Charlie’s country : sale passe pour Charlie qui cherche un sens à la vie.
Dans son taudis, octroyé par l’État australien aux autochtones, Charlie (David Gulpilil) est un peu malheureux. Il fume de la ganja quand il peut. Il se sent dépossédé. Il se laisse un peu aller. De sa démarche souple et nonchalante, il parcourt le bled, insultant au passage les forces de l’ordre. Il quémande un logement plus grand. Plus confortable. Sans succès. On suit ses boires et déboires. Charlie a du mal à s’adapter aux changements que subit sa terre natale colonisée. Les postes de police et ses policiers anglophones, les interdictions, les drugstores, ne font pas partie de ses fondamentaux. Charlie a donc des difficultés à s’y faire et le choc des civilisations conduit à des situations cocasses : lorsque lui et son ami Blake Pete (Peter Djigirr) se font confisquer le 4×4 rafistolé non réglementaire avec lequel ils ont été chasser le buffle dans le bush, buffle qu’ils ramènent sur le capot et qui va pourrir dans la cour du commissariat ; ou lorsqu’il « emprunte » un véhicule à ces mêmes forces de l’ordre ; ou bien lorsqu’il se fait confisquer la lance qu’il vient de confectionner après qu’on lui a confisqué son fusil à canon scié non homologué…
On le voit, les thèmes de la propriété privée, de l’expropriation, de l’accaparement, de la spoliation sont sous-jacents. Et c’est d’autant plus marquant que le partage et la solidarité ne s’expriment pas de la même façon chez les uns et les autres. La loi n’est pas pensée de la même façon selon que l’on soit fonctionnaire de police vaguement xénophobe ou bien chasseur-cueilleur en pleine crise d’acculturation. L’assimilation de la culture aborigène par la culture anglo-australienne se fait dans une certaine douleur.

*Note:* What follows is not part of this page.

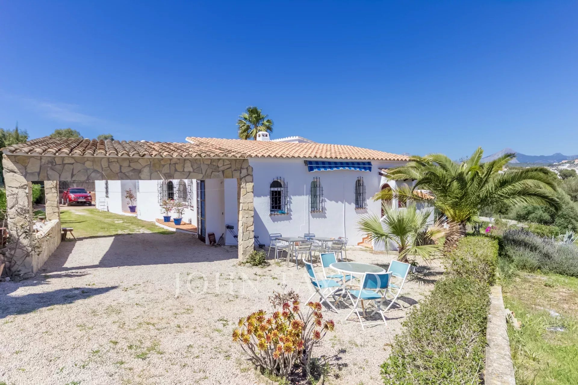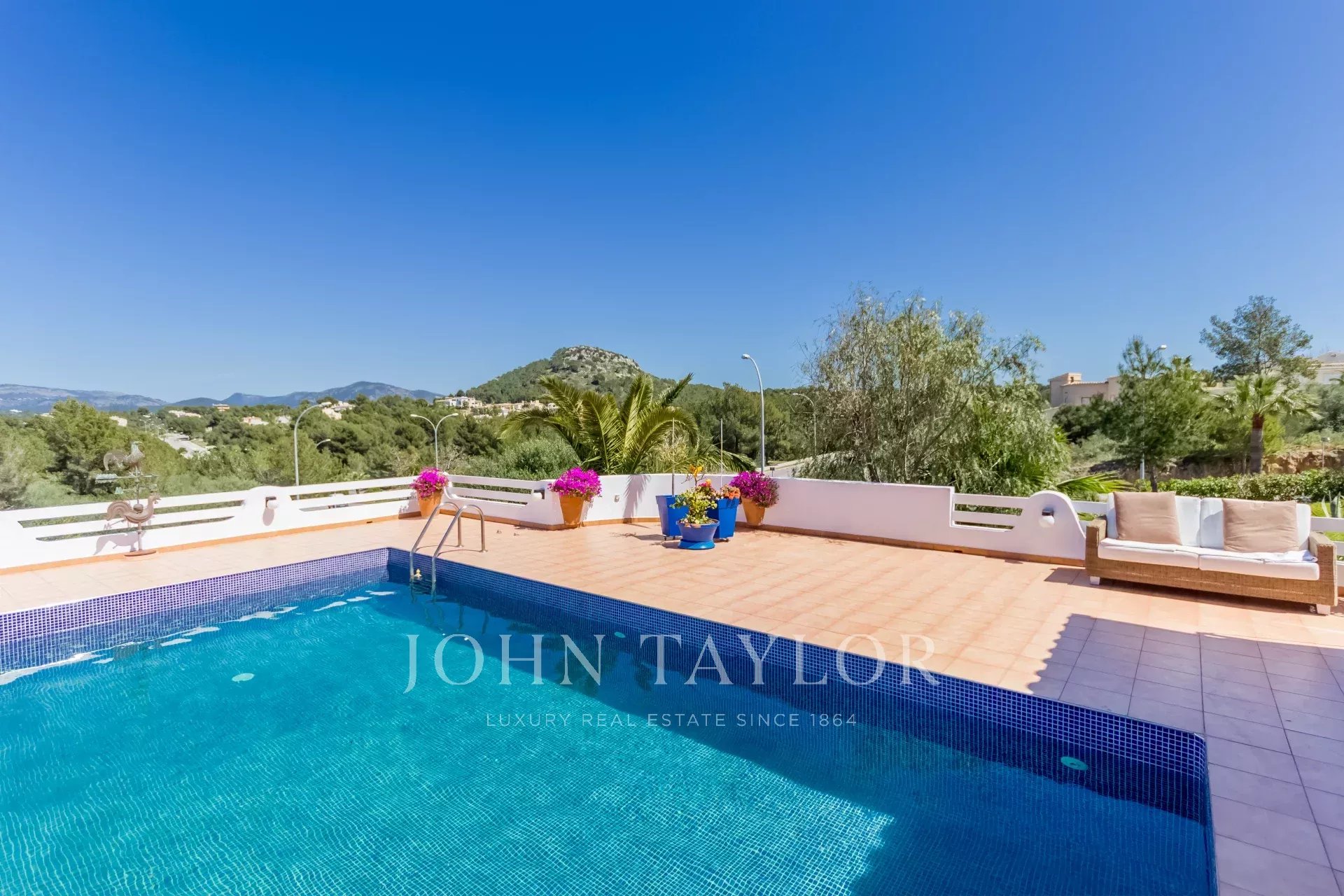 Diese einzigartige Familienimmobilie mit viel Platz im Innen- und Außenbereich wurde 1985 erbaut und befindet sich in der begehrten und zentralen Gegend von Nova Santa Ponsa. Mit einer kleinen Restaurierung stellt diese Immobilie eine ausgezeichnete Gelegenheit dar, auf nur einer Ebene zu leben. Die Villa besteht aus 3 bis 4 Schlafzimmern mit Einbauschränken und 4 Bädern, von denen 3 en suite sind. Das Anwesen befindet sich auf einem ca. 1370 qm großen Grundstück mit einer Wohnfläche von fast 310 qm, was genügend Platz für die ganze Familie bietet. Das geräumige und schöne Wohn-Esszimmer ist kreisförmig angelegt und bietet auf einer Fläche von ca. 135 qm Zugang zu den Schlafzimmern, der Küche, der Terrasse und dem Terrassenbereich mit dem Pool, von dem man einen spektakulären Blick bis zum Meer und den Bergen genießen kann. Im unteren Teil der Villa befindet sich ein renovierungsbedürftiger Raum, der auf Wunsch als Gästewohnung genutzt werden könnte. Es besteht auch die Möglichkeit, das Haus - Obergeschoss - mit einem von den Behörden akzeptierten Projekt zu erweitern.

Charlie’s country, sur un rythme lent, plutôt paisible, sans effets ni feux d’artifices, contient ainsi un bel éloge de la nature – « supermarché à ciel ouvert » – et une belle mise en opposition des sociétés humaines aux richesses qui entrent en friction avec force dégâts. Sur ces difficultés à cohabiter lorsque règne la loi du plus fort, le constat est, en substance, parfois désopilant, parfois tragique. Les lois des groupes humains, à l’instar de celles de la nature, sont subtiles, tantôt cruelles, tantôt favorables. Et dans cette alternance, dans ce conflit, dans cette sarabande un peu folle, on conçoit que tout n’est pas perdu, la vie oscillant au gré des événements entre drame et comédie… Un nouvel équilibre est possible.